Comparing election forecast accuracy

Nov 8, 2022

Update: results are posted here: https://firstsigma.github.io/midterm-elections-forecast-comparison

The summary results are:

See the post for details and analysis.

It's interesting to compare forecasts between different prediction platforms, but it's rare for them to have questions that are identical enough to compare easily. Elections offer one helpful opportunity.

I will score several prediction platforms on a set of 10 questions on the outcome of the 2022 US midterm elections: Senate and House control, and several individual Senate and gubernatorial races with high forecasting interest.

For each prediction platform, I will take the predicted probabilities on Monday evening, and compute the average log score on these questions. This is a measure of prediction accuracy - higher log score means better accuracy.

I plan to compare these prediction platforms:

538 (statistical modeling and poll aggregation)
Polymarket (real-money prediction market)
PredictIt (real-money prediction market)
Election Betting Odds (prediction market aggregator)
Manifold (play-money prediction market)
Metaculus (prediction aggregator)

Others can be added, just add a comment with the data on their predictions for each of the questions above.

Important note: the election is much closer to one overall prediction than a set of independent predictions, because the races are highly correlated. The forecast that scores best is probably going to be the forecast that landed closest to the mark on the broader question of how much the nation overall went left or right, or how far left or right the polls were biased - and a large part of this is chance. So despite the large number of individual races, each election cycle can be thought of as roughly one data point, and to truly measure accuracy well, we'd need to run this experiment several times over different election cycles.

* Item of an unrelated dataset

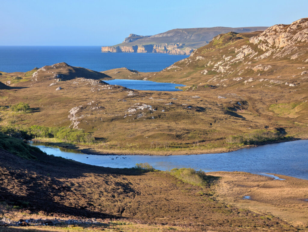 Nach dem Frühstück und dem Tanken in Ullapool setzte sich unser Abenteuer auf der North Coast 500 fort. Das Ziel des Tages war unsere Unterkunft in Tongue, ganz im Norden der Insel. Das Wetter meinte es weiterhin gut mit uns: Bei strahlendem Sonnenschein und fast 20 Grad Celsius genossen wir jede Meile.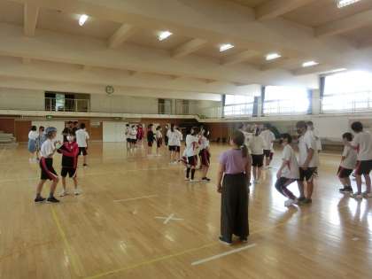 教科「日本語」のみんなでつくる演劇の単元で「演劇」をつかって考える「子どもの権利条約」のワークショップです。今日は各クラス2時間ずつ3クラス実施いたします。2人1組になって、「歯医者と患者さん¥「コンビニの店員とお客さん」「先生と生徒」「ボールとバット」など様々なストップモーションを行ったいる様子です。

Of course, I've also created meta prediction markets on which prediction platform will be the most accurate: https://manifold.markets/group/election-forecast-comparison

Questions compared

I selected this set of 10 questions to compare across prediction platforms:

Senate control
House control
Senate races
- Pennsylvania - Mehmet Oz (R) vs John Fetterman (D)
- Nevada - Adam Laxalt (R) vs Catherine Cortez Masto (D)
- Georgia - Herschel Walker (R) vs Raphael Warnock (D)
- Wisconsin - Ron Johnson (R) vs Mandela Barnes (D)
- Ohio - J. D. Vance (R) vs Tim Ryan (D)
- Arizona - Blake Masters (R) vs Mark Kelly (D)
Governor races
- Texas - Greg Abbott (R) vs Beto O'Rourke (D)
- Pennsylvania - Doug Mastriano (R) vs Josh Shapiro (D)

These were selected as races that had a high amount of interest across the prediction platforms. The main reason for using a limited set of questions is that not all prediction platforms made forecasts on all races - the main limiting factor was which questions were on Metaculus. (I did later find a couple more races on Metaculus, but did not add them to my list because I had already preregistered the question set.) Using a smaller set of questions also makes the data collection easier for me.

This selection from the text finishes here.